What is needed
From start to end, write out the following data exactly, apart from its images.

[Data items]
>>>

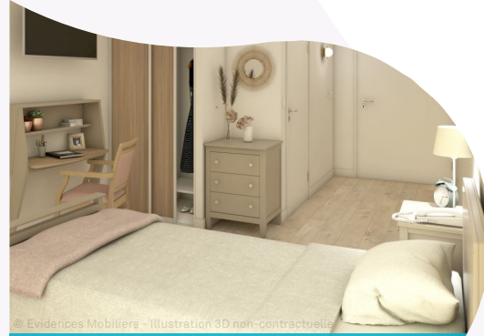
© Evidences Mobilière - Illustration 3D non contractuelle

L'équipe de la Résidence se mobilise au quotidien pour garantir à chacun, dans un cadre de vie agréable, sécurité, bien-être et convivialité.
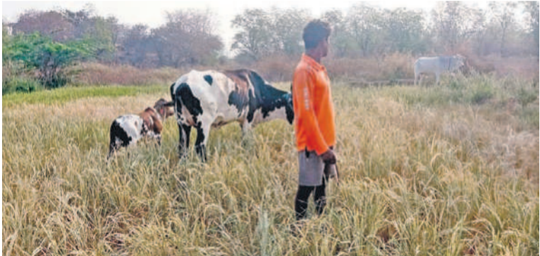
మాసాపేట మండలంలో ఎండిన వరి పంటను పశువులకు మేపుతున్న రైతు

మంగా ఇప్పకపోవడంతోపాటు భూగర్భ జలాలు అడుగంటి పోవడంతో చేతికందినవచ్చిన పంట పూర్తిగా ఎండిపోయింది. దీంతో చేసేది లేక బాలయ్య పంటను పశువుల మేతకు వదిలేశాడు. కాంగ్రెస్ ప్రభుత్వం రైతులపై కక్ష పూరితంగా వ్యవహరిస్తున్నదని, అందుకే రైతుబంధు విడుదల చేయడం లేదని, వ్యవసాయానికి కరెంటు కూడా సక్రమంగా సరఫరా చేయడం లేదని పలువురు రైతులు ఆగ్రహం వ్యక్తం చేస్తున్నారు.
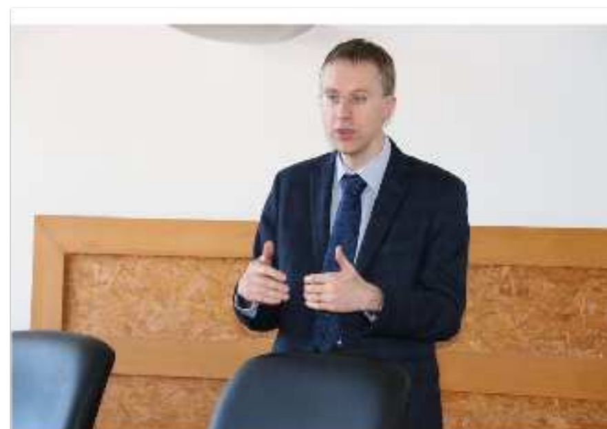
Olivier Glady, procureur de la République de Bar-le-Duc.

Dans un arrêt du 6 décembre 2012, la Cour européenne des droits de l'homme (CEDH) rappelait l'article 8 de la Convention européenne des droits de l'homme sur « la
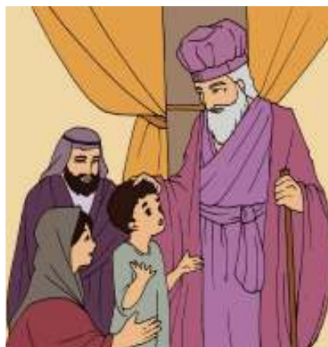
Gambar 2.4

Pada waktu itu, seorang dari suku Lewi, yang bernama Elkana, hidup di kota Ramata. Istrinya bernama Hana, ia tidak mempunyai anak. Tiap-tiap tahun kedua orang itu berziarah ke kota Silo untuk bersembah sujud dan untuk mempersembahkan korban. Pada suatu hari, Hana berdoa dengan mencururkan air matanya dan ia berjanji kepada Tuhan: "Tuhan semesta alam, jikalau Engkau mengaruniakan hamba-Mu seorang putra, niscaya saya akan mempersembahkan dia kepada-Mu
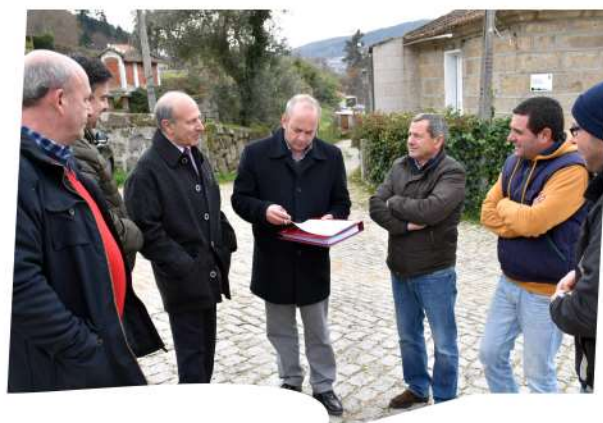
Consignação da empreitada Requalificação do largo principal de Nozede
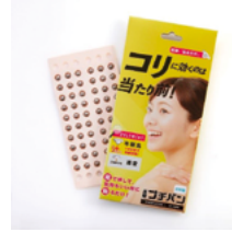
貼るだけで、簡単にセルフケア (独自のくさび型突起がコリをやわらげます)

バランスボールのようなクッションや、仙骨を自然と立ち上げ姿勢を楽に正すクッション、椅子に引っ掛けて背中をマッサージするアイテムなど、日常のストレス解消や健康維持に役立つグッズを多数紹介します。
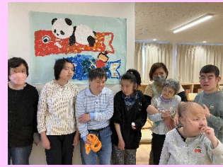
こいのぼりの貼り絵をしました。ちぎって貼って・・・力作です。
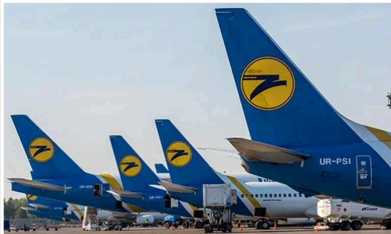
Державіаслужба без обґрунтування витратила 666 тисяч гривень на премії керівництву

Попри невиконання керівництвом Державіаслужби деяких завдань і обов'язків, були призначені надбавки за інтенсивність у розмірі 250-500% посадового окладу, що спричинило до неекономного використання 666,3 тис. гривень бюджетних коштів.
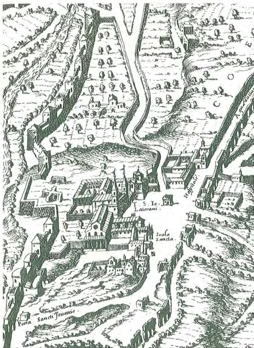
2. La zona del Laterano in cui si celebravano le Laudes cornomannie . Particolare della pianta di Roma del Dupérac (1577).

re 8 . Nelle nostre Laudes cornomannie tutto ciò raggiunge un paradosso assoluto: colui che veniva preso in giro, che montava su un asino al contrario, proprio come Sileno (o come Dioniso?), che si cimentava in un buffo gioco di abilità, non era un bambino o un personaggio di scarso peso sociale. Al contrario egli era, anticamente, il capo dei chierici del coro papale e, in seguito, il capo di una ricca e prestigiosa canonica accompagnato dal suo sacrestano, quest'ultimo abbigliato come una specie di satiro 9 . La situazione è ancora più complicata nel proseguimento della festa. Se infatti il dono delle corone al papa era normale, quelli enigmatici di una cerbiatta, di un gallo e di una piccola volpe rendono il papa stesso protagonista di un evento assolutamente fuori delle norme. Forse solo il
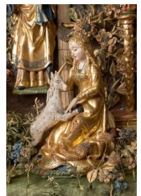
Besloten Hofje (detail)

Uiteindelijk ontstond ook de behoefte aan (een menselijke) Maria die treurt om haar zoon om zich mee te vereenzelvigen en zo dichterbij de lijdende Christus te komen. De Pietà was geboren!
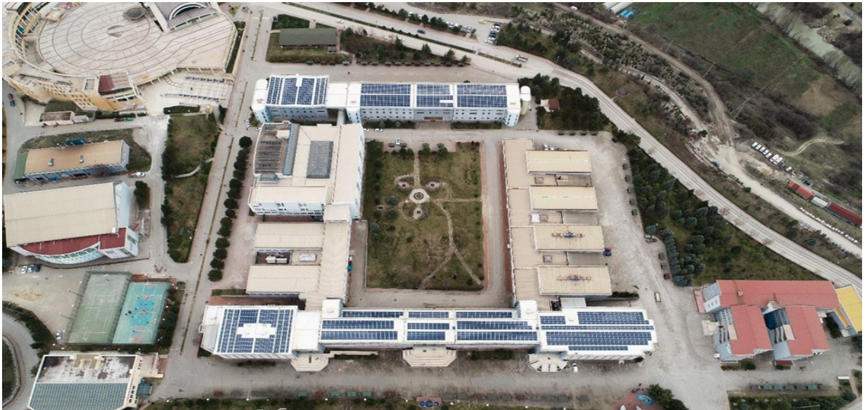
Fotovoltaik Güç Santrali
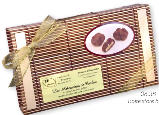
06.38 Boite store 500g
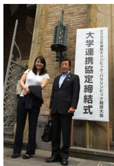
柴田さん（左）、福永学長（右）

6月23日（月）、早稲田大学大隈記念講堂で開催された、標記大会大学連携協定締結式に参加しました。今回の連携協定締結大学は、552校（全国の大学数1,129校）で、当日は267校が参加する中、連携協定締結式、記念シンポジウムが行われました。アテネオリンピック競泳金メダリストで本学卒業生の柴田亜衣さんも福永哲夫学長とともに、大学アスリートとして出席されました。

<<<

Output below
© Evidences Mobilière - Illustration 3D non contractuelle

L'équipe de la Résidence se mobilise au quotidien pour garantir à chacun, dans un cadre de vie agréable, sécurité, bien-être et convivialité.
మాసాపేట మండలంలో ఎండిన వరి పంటను పశువులకు మేపుతున్న రైతు

మంగా ఇప్పకపోవడంతోపాటు భూగర్భ జలాలు అడుగంటి పోవడంతో చేతికందినవచ్చిన పంట పూర్తిగా ఎండిపోయింది. దీంతో చేసేది లేక బాలయ్య పంటను పశువుల మేతకు వదిలేశాడు. కాంగ్రెస్ ప్రభుత్వం రైతులపై కక్ష పూరితంగా వ్యవహరిస్తున్నదని, అందుకే రైతుబంధు విడుదల చేయడం లేదని, వ్యవసాయానికి కరెంటు కూడా సక్రమంగా సరఫరా చేయడం లేదని పలువురు రైతులు ఆగ్రహం వ్యక్తం చేస్తున్నారు.
Olivier Glady, procureur de la République de Bar-le-Duc.

Dans un arrêt du 6 décembre 2012, la Cour européenne des droits de l'homme (CEDH) rappelait l'article 8 de la Convention européenne des droits de l'homme sur « la
Gambar 2.4

Pada waktu itu, seorang dari suku Lewi, yang bernama Elkana, hidup di kota Ramata. Istrinya bernama Hana, ia tidak mempunyai anak. Tiap-tiap tahun kedua orang itu berziarah ke kota Silo untuk bersembah sujud dan untuk mempersembahkan korban. Pada suatu hari, Hana berdoa dengan mencururkan air matanya dan ia berjanji kepada Tuhan: "Tuhan semesta alam, jikalau Engkau mengaruniakan hamba-Mu seorang putra, niscaya saya akan mempersembahkan dia kepada-Mu
Consignação da empreitada Requalificação do largo principal de Nozede
貼るだけで、簡単にセルフケア (独自のくさび型突起がコリをやわらげます)

バランスボールのようなクッションや、仙骨を自然と立ち上げ姿勢を楽に正すクッション、椅子に引っ掛けて背中をマッサージするアイテムなど、日常のストレス解消や健康維持に役立つグッズを多数紹介します。
こいのぼりの貼り絵をしました。ちぎって貼って・・・力作です。
Державіаслужба без обґрунтування витратила 666 тисяч гривень на премії керівництву

Попри невиконання керівництвом Державіаслужби деяких завдань і обов'язків, були призначені надбавки за інтенсивність у розмірі 250-500% посадового окладу, що спричинило до неекономного використання 666,3 тис. гривень бюджетних коштів.
2. La zona del Laterano in cui si celebravano le Laudes cornomannie . Particolare della pianta di Roma del Dupérac (1577).

re 8 . Nelle nostre Laudes cornomannie tutto ciò raggiunge un paradosso assoluto: colui che veniva preso in giro, che montava su un asino al contrario, proprio come Sileno (o come Dioniso?), che si cimentava in un buffo gioco di abilità, non era un bambino o un personaggio di scarso peso sociale. Al contrario egli era, anticamente, il capo dei chierici del coro papale e, in seguito, il capo di una ricca e prestigiosa canonica accompagnato dal suo sacrestano, quest'ultimo abbigliato come una specie di satiro 9 . La situazione è ancora più complicata nel proseguimento della festa. Se infatti il dono delle corone al papa era normale, quelli enigmatici di una cerbiatta, di un gallo e di una piccola volpe rendono il papa stesso protagonista di un evento assolutamente fuori delle norme. Forse solo il
Besloten Hofje (detail)

Uiteindelijk ontstond ook de behoefte aan (een menselijke) Maria die treurt om haar zoon om zich mee te vereenzelvigen en zo dichterbij de lijdende Christus te komen. De Pietà was geboren!
Fotovoltaik Güç Santrali
06.38 Boite store 500g
柴田さん（左）、福永学長（右）

6月23日（月）、早稲田大学大隈記念講堂で開催された、標記大会大学連携協定締結式に参加しました。今回の連携協定締結大学は、552校（全国の大学数1,129校）で、当日は267校が参加する中、連携協定締結式、記念シンポジウムが行われました。アテネオリンピック競泳金メダリストで本学卒業生の柴田亜衣さんも福永哲夫学長とともに、大学アスリートとして出席されました。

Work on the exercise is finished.